When we’re wrestling with complex data management problems, prioritization is key. But durability is paramount. The time to recover from a mistake or failure can strike a blow and sometimes even derail an otherwise well structured, executing program. The two factors aren’t mutually exclusive, so why do we get caught in the chasm of indecision and what can we do to avoid choosing one to the detriment of the other? Likely the best mitigation strategy here would be to promote re-usability and ensure that what is built is only built once and shared many times.
This is enabled through semantic construction and sharing, which are design ingredients of NexJ Customer Data Management (CDM). For example, customer profitability requires mapping key customer attributes, costs and revenues to the sources in the organization, such as distributing a cost from the cost center to participating customers. Next we define computation elements that are evaluated and stored for you. The calculation is stored in the model as it would be in Excel. No extra work. No manual labor. No formulas to write.
Once you’ve defined your data requirements, mapped them to the appropriate data source, and defined calculations, you can use the built-in services to re-use that content, expose the metrics to your portal or even build some self-service reporting capabilities from it. This would traditionally be a net new project but, with NexJ CDM, the build work is already done for you. For example, some managers may be interested to know the top 10 most profitable customers in their territory or region. That knowledge can now be served to them from the same model via the corporate portal, embedded into an existing application, exposed to a self-service analysis tool, or distributed by other enterprise reporting methods.
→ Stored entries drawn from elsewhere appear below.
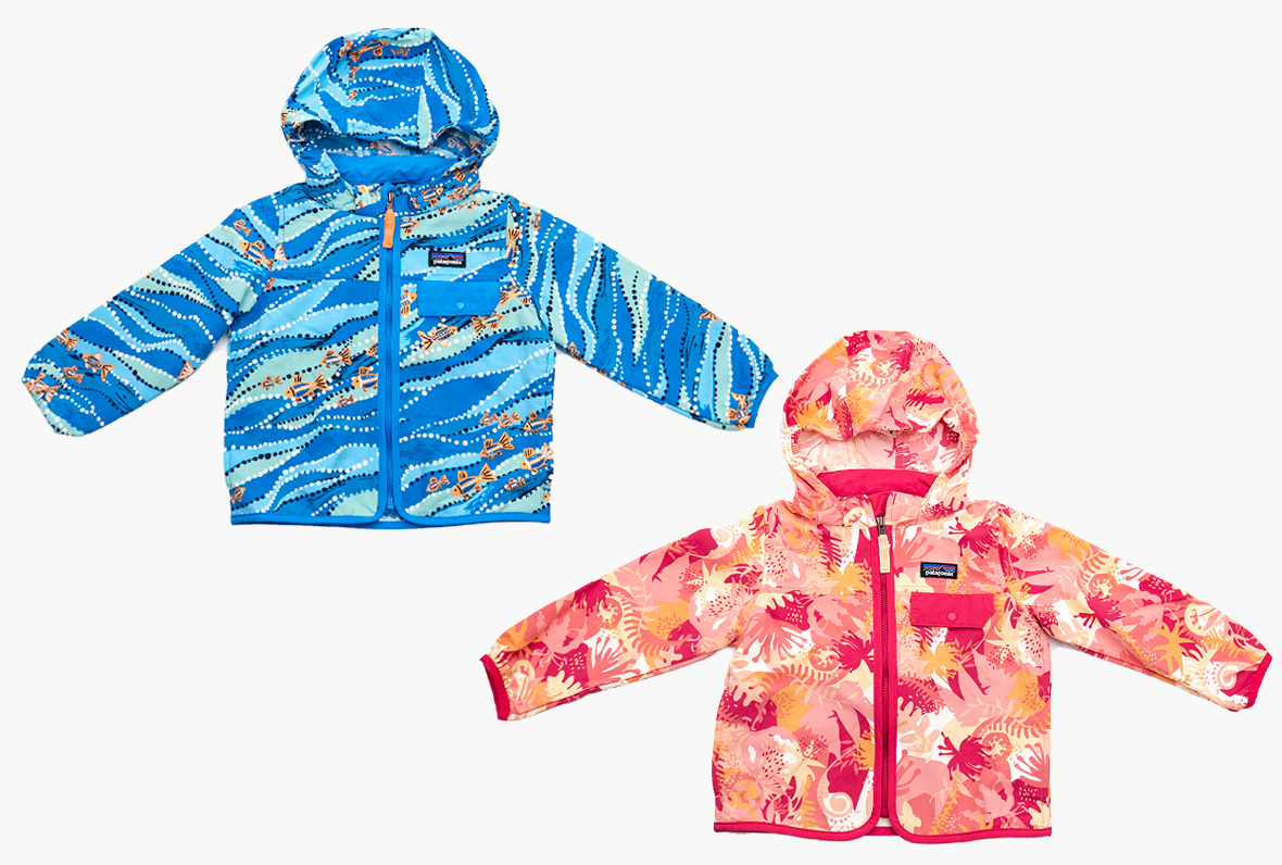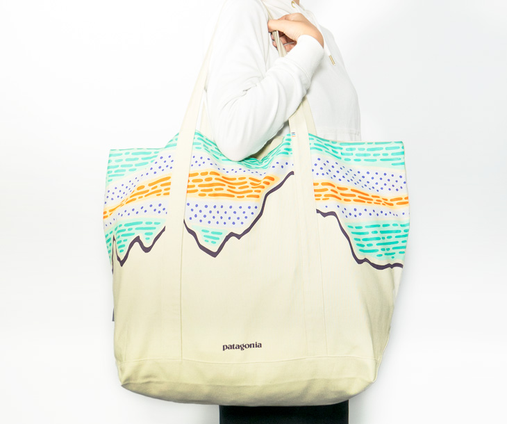 リサイクル素材100%、パタゴニアのオリジナルアートをPVCおよびフタル酸エステル不使用のインクでプリントしました。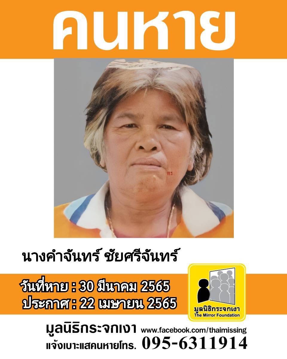 ชื่อ นางคำจันทร์ ชัยศรีจันทร์ หรือ จันทร์ อายุ 60 ปี หายออกจากบริเวณหมู่ที่ 8 ซอย 34 ตำบลบ้านลาด อำเภอบ้านลาด จังหวัดเพชรบุรี เมื่อวันที่ 30 มีนาคม 2565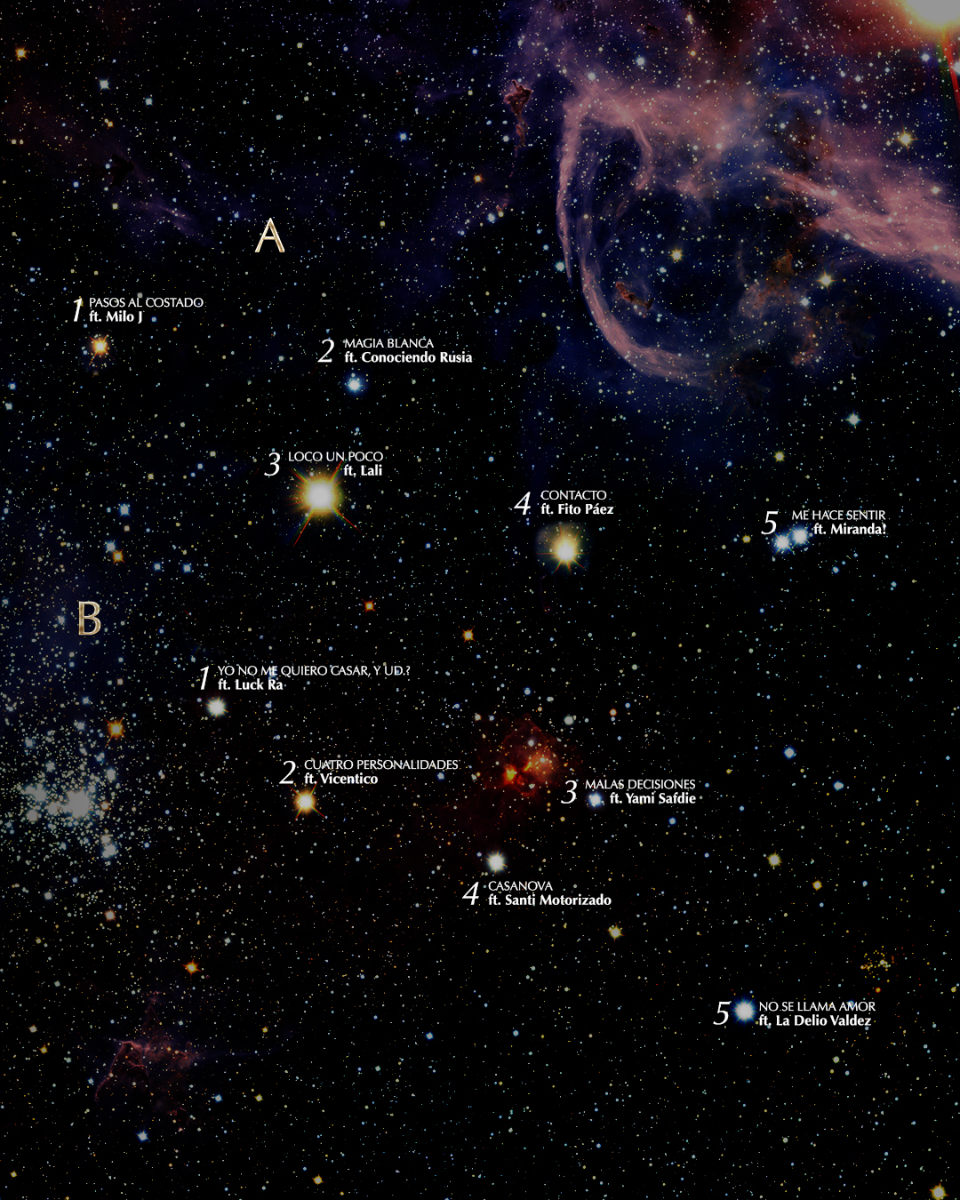 TRACKLIST 1. "Pasos al costado" junto a Milo J - Producida por Nico Cotton 2. "Magia blanca" junto a Conociendo Rusia - Producida por Mariano Otero 3. "Loco un poco" junto a Lali - Producida por Ale Sergi 4. "Contacto" junto a Fito Páez - Producida por Mariano Otero 5. "Me haces sentir" junto a Miranda! - Producida por Ale Sergi 6. "Yo no me quiero casar, y ud?" junto a Luck Ra - Producida por Renzo Luca 7. "Cuatro Personalidades" junto a Vicentico - Producida por Ezequiel Araujo 8. "Malas decisiones" junto a Yami Safdie - Producida por Renzo Luca 9. "Casanova" junto a Santi Motorizado - Producida por Álvaro Villagra y Turf 10. "No se llama amor" junto a La Delio Valdez - Producida por Nicolas Repetto y La Delio Valdez |

And it will be the same content for all managers, the same cost calculation, and the same view. No extra work. No manual labor. No formulas to write.
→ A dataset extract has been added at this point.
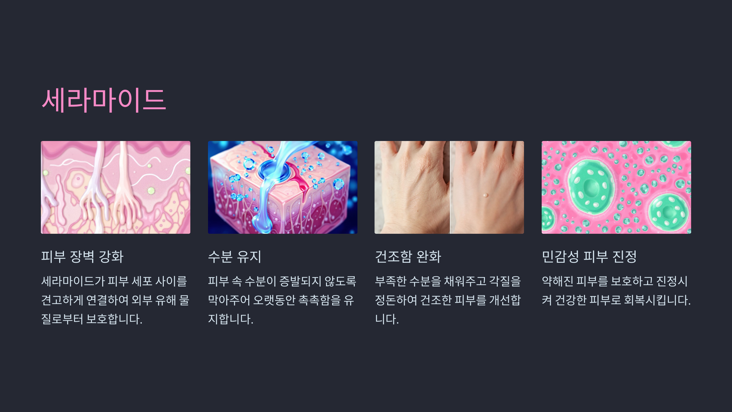 세라마이드는 피부 장벽을 강화하고 수분을 유지하는 데 중요한 역할을 하는 성분입니다. 건성 및 민감성 피부에 특히 적합합니다.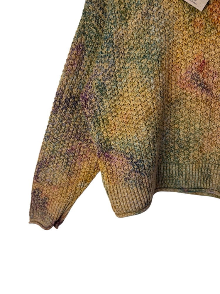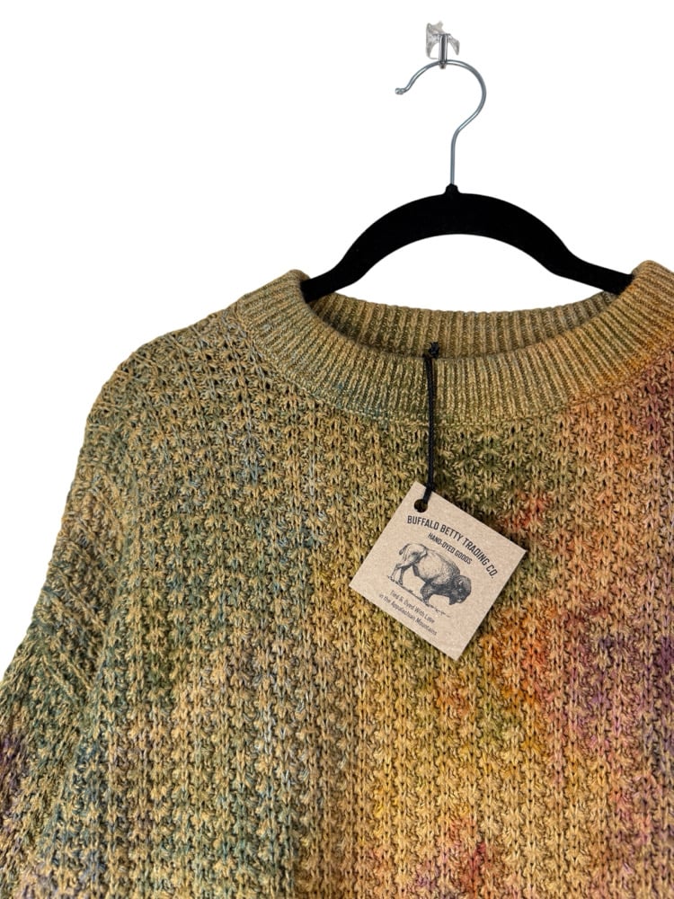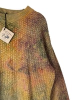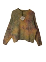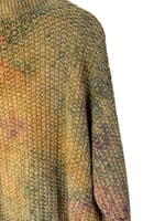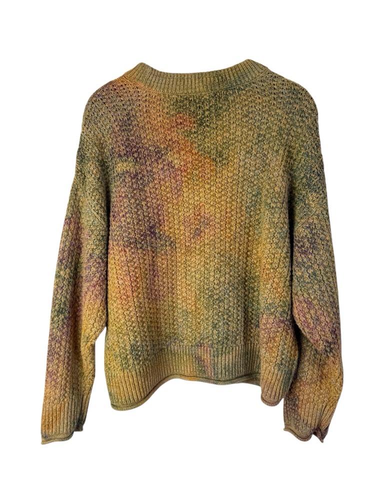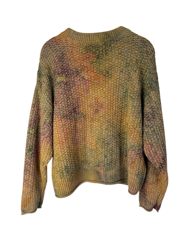 - Notes: Originally a yellow sweater that I overdyed, and interestingly, only some of the fibers dyes, leaving a very cool and muted tie-dye design.

Advanced analytics is a very popular topic these days, for all the right reasons! Historical data is a key ingredient in that process. Great news: snapshot content is also captured and readily available from NexJ CDM. So any changes that occur over time to the semantic model attributes are detected. Think of this as seeing and preserving changes in an Excel spreadsheet: we save the current version, refresh with the new content, then save the new version. This detection method stores the historical version and the new version of those data elements. And these snapshots can be sent to a database, to a hadoop data store or exported to a flat file. Now you have historical content ready for advanced analytics, predictive modeling or other mathematical algorithms. We can use this to detect patterns of changes in customer and profitability, which is one small step in understanding our customers’ behaviors. No extra work. No manual labor. No formulas to write.
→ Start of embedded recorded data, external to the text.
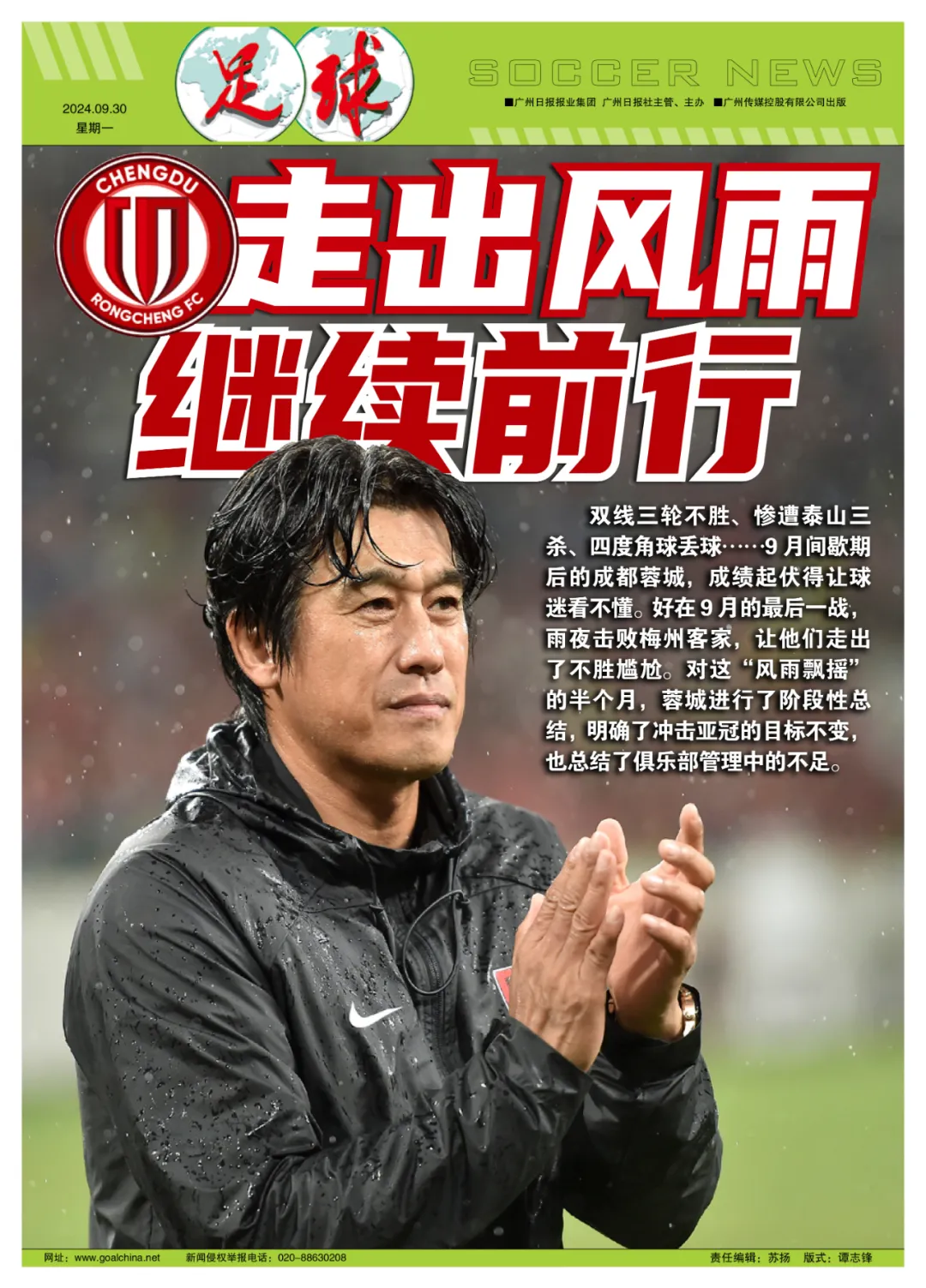 双线三轮不胜、惨遭泰山三杀、四度角球丢球……9月间歇期后的成都蓉城,成绩起伏得让球迷看不懂。好在9月的最后一战,雨夜击败梅州客家,让他们走出了不胜尴尬。对这“风雨飘摇”的半个月,蓉城进行了阶段性总结,明确了冲击亚冠的目标不变,也总结了俱乐部管理中的不足。
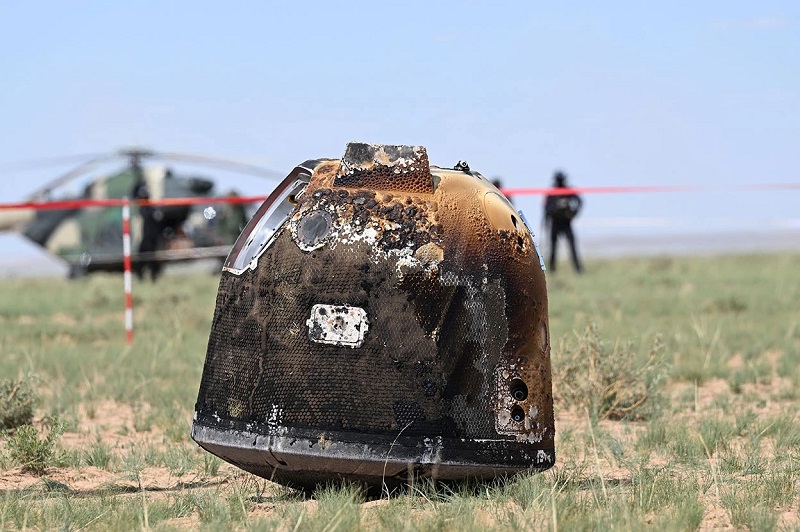 救援小组很快找到了嫦娥六号返回舱。图片来源:新华社/《自然》网站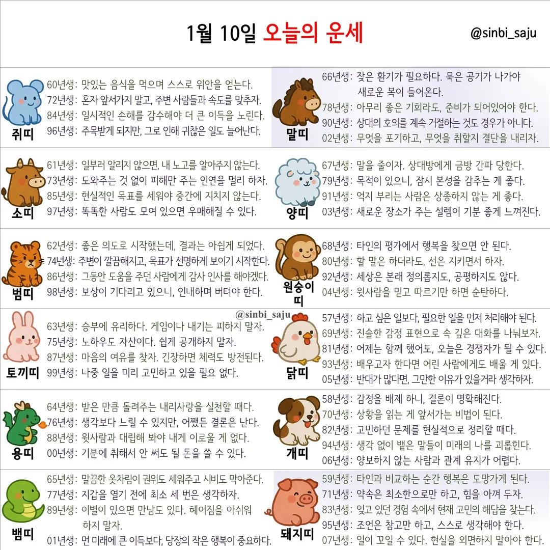 #2026년 병오년(丙午年)1월10일. 더사주.별자리.일일운세.띠별운세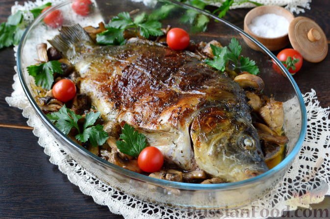 - Фаршированный карп запеченный в духовке — рецепт карпа Фаршированный карп, запеченный в духовке, может стать одним из главных рыбных блюд вашего праздничного стола….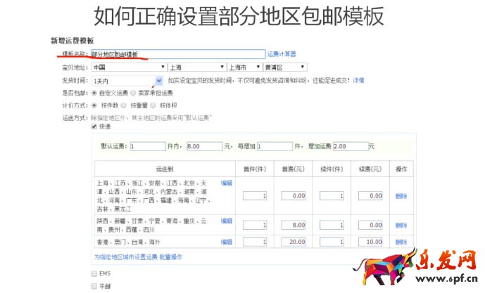 第二種非包郵模板設(shè)置,在設(shè)置非包郵模板時(shí)要注意自定義運(yùn)費(fèi)的設(shè)置。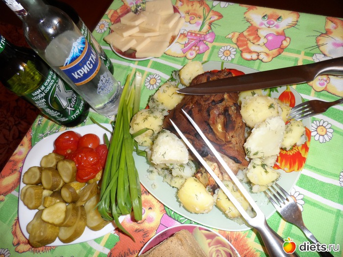 Сегодня в нашем меню-пельмени с скартошкой и салом, рассольник, и на ужин свиная рулька.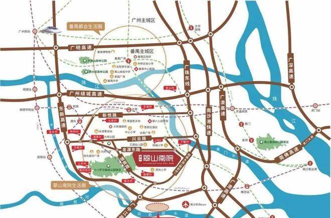 从区位交通来看,翠山南院位于大岗板块核心地段,整体交通网络较为成熟。项目通过区域内三纵四横的主干交通体系,可快速连接番禺市桥、南沙区府以及广佛城市生活圈。驾车前往市桥核心商圈大约需要三十分钟左右车程,前往广州其他主城区也可通过高速路网实现较为顺畅的通行。随着区域城市化进程推进,未来该片区的路网密度与公共交通配套仍有提升空间,区域价值存在一定成长潜力。对于需要在广州南部区域长期居住并兼顾城市通勤的人群而言,这种距离城市核心但又保持自然环境优势的区位布局,往往具有较强吸引力。

So we defined one semantic data model, like listing columns in an Excel spreadsheet. Next we defined our computations, like creating formula columns in an Excel spreadsheet. With one construction effort, we served the managers’ needs to see their top 10 profitable customers, supported their deeper questioning needs with a self-service report, and defined necessary data for the analytic team to predict changes in profitability.
So, what are you going to do with the extra labor, resources and time?